Celebrate the long weekend and the official opening of the beautiful season with these delicious ice pops, to be enjoyed in the afternoon with the kids or as an aperitif or dessert between adults.
Alphée Gagnon, chef service of Nord restaurant at Strøm Mont-Saint-Hilaire, presents her colourful recipe, to be repeated all summer long with local strawberries. Enjoy!
Preparation time : 20 minutes | Freezing time : 5 hours | Makes : 6 ice pops
- 4 cups fresh or thawed local strawberries, the stalks removed and sliced
- 1 cup sugar
- 1 cup water
- 1 teaspoon rose petals
- Mash the strawberries in a food processor or blender to make a puree. Set aside.
- Put the water and sugar in the saucepan, bring to a boil, remove from heat and add the rose petals. For a brighter colour, add a drop of red food colouring.

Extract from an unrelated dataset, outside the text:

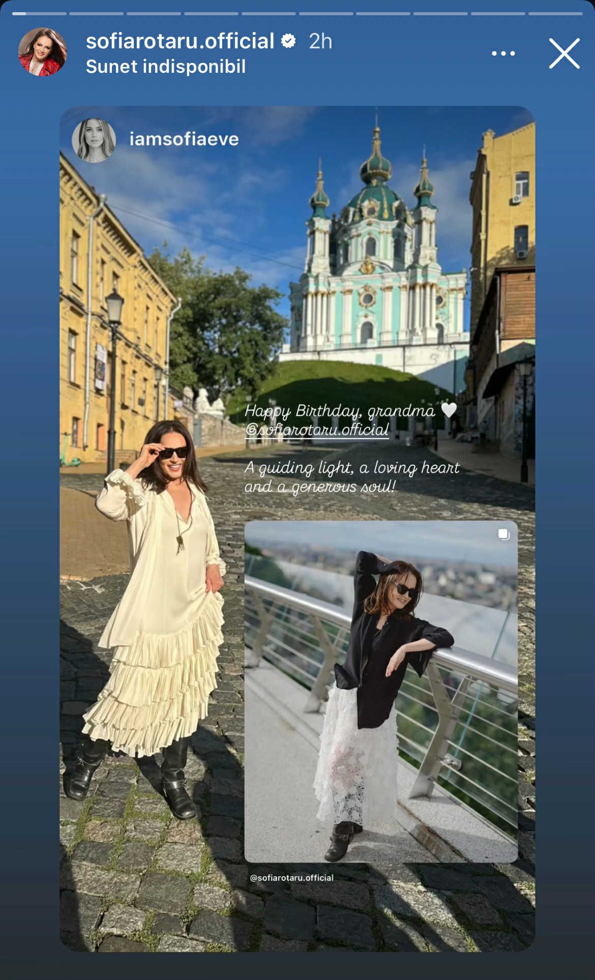 Sofia Rotaru a primit deja o felicitare plină de dragoste din partea nepoatei sale, care, de altfel, îi poartă și numele. Sofia Evdokimenko a distribuit câteva fotografii recente cu bunica sa, iar în descriere a menționat:

Let infuse for 10 to 20 minutes and set aside.
- Fill the mould halfway with the strawberry puree. Place in the freezer for 1 hour.
- Add the rose syrup to complete the ice pops. Return to the freezer for 4 hours or until the liquid is frozen solid.
For the whole family
Dip the ice pop into yogurt, add nuts and other toppings of your choice. Return to the freezer for 20 minutes and enjoy!
For grown-ups, in a revisited sangria version
Place the ice pop in a glass (3 oz) of Domaine Lavoie rosé wine, add 1 oz of rhubarb liqueur or Amermelade. Add tonic and enjoy!